The next top racing driver could be discovered through mobile gaming rather than Formula Ford, says one of the leading figures in the esports industry.

The skills needed to succeed in mobile phone racing games are the same as those required of a fast driver, says Darren Cox, who founded the World’s Fastest Gamer competition

Mobile gaming is also seen as a way of recruiting talented drivers from around the world, who couldn’t dream of funding a season in single-seater racing.

Cox was speaking ahead of the final of World’s Fastest Gamer 2, which promises a $1m racing contract to the winner.

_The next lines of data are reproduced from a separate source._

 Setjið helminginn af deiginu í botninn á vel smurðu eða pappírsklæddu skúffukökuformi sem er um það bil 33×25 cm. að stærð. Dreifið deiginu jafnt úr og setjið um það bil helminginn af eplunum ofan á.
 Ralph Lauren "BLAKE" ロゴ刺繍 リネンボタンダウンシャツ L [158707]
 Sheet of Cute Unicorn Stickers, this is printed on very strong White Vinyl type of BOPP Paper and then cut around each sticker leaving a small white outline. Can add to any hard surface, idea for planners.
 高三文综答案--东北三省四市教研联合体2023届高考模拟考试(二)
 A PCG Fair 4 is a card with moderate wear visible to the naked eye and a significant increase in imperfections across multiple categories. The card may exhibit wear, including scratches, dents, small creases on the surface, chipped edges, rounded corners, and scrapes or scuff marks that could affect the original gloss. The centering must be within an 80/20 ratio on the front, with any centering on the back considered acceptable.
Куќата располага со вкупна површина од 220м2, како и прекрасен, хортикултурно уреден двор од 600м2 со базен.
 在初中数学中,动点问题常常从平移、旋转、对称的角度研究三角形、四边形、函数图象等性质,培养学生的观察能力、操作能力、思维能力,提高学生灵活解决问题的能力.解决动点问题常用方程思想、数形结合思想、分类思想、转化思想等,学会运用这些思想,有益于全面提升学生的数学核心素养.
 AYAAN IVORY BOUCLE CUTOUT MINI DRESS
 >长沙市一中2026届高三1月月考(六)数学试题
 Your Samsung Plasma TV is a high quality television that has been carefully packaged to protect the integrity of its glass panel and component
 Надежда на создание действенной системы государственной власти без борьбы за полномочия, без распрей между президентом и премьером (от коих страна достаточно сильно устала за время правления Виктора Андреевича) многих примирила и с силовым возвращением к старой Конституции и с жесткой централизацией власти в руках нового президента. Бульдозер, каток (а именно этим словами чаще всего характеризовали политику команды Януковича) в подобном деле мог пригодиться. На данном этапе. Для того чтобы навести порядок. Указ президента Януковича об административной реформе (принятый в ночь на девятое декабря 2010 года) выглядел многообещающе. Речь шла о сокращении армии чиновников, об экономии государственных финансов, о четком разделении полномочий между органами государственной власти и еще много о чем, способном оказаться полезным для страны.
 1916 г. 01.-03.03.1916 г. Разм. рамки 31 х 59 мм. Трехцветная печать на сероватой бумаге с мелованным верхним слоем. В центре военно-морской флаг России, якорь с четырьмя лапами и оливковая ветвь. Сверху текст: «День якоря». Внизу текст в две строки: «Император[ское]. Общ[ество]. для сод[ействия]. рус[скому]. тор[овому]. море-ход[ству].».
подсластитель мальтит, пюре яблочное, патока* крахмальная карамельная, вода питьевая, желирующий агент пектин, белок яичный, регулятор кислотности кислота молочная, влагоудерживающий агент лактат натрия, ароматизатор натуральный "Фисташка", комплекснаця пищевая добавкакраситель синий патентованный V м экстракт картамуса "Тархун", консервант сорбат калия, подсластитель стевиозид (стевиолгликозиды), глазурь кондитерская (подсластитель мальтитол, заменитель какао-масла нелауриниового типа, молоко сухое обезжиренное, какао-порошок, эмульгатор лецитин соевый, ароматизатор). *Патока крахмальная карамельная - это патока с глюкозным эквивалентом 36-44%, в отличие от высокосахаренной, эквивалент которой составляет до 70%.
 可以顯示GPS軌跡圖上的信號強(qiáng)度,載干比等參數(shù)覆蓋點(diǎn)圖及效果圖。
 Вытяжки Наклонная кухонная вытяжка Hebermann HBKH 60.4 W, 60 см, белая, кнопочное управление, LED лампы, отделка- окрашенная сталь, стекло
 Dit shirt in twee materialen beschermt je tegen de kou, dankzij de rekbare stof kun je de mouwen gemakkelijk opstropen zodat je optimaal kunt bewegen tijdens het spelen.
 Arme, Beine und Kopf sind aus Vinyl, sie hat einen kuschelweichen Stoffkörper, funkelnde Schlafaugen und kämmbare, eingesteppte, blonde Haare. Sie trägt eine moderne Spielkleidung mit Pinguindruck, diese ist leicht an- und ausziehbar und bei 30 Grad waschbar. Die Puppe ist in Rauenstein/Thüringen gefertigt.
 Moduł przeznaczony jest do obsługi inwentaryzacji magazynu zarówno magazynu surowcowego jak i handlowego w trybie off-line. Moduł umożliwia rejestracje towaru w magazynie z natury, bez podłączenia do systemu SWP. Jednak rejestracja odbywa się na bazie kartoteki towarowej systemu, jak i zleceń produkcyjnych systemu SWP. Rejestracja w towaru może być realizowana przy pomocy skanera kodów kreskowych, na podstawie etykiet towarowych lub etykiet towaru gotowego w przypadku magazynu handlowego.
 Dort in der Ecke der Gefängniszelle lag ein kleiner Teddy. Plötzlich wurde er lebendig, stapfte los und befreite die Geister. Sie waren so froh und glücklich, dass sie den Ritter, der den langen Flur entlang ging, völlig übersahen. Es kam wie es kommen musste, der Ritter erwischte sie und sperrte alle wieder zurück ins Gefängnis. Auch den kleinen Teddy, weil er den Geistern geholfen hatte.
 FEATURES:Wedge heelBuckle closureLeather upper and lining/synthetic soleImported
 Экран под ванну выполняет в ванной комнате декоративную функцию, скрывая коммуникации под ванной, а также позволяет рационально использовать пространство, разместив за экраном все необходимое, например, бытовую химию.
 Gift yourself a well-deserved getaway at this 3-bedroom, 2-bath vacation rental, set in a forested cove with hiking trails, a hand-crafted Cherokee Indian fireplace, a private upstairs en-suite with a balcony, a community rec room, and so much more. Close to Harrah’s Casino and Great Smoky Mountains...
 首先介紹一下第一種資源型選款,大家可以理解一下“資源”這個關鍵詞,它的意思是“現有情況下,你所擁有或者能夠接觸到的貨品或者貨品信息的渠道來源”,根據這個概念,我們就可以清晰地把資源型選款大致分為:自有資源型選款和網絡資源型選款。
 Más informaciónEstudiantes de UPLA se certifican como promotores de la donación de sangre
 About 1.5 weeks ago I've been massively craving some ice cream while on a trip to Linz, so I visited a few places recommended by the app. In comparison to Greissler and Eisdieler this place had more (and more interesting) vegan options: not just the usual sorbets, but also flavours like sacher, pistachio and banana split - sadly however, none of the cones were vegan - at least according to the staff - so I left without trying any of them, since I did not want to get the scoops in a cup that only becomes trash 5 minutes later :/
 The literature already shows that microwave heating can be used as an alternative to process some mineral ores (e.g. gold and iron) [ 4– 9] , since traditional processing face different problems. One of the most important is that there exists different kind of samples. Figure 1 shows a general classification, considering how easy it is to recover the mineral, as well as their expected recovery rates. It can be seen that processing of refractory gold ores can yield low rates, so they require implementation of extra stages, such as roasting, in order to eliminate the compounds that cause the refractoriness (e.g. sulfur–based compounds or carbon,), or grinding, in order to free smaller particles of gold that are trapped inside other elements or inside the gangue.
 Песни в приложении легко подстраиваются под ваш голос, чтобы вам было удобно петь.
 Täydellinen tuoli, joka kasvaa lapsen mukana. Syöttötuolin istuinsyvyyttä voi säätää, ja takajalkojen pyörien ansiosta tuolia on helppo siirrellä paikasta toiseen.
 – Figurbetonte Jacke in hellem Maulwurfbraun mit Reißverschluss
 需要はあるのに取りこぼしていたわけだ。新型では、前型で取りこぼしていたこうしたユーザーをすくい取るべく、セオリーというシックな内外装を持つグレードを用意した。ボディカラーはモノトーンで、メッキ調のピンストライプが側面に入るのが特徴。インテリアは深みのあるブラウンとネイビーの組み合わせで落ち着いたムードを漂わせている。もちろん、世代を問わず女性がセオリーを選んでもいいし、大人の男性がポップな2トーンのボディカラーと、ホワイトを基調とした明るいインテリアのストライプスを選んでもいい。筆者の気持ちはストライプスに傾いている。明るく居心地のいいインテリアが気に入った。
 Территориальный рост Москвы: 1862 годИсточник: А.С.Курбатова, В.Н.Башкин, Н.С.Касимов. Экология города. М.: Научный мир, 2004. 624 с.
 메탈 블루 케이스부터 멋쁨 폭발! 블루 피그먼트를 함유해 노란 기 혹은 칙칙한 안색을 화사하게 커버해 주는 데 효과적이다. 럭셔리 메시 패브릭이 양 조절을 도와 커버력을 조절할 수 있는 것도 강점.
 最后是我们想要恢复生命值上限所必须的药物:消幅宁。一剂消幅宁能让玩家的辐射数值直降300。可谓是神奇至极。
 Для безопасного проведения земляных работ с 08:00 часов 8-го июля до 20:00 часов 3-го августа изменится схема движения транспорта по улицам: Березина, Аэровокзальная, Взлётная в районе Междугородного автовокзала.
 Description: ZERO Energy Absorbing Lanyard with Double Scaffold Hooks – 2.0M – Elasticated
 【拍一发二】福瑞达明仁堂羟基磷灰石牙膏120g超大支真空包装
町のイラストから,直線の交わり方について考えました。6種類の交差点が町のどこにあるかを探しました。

Contestants qualified in a series of gaming challenges, and have since been whittled down in track tests, which have included stock car and supercar driving in sunny California, at Laguna Seca and Willow Springs

The winner will be competing almost immediately — but in surroundings that are more familiar to novice racers: their first event is expected to be a chilly November Britcar meeting at Brands Hatch.

“The winner is likely to be racing three to four times before the end of the year,” said Cox, with the aim of entering the GT4 European Cup next year.

“Some of these guys have never sat in a racing car before but after ten laps, they are not far off what a good young amateur driver would be doing.”

“Around 80 per cent of the guys in the virtual world would bite your arm off to get into a racing car.”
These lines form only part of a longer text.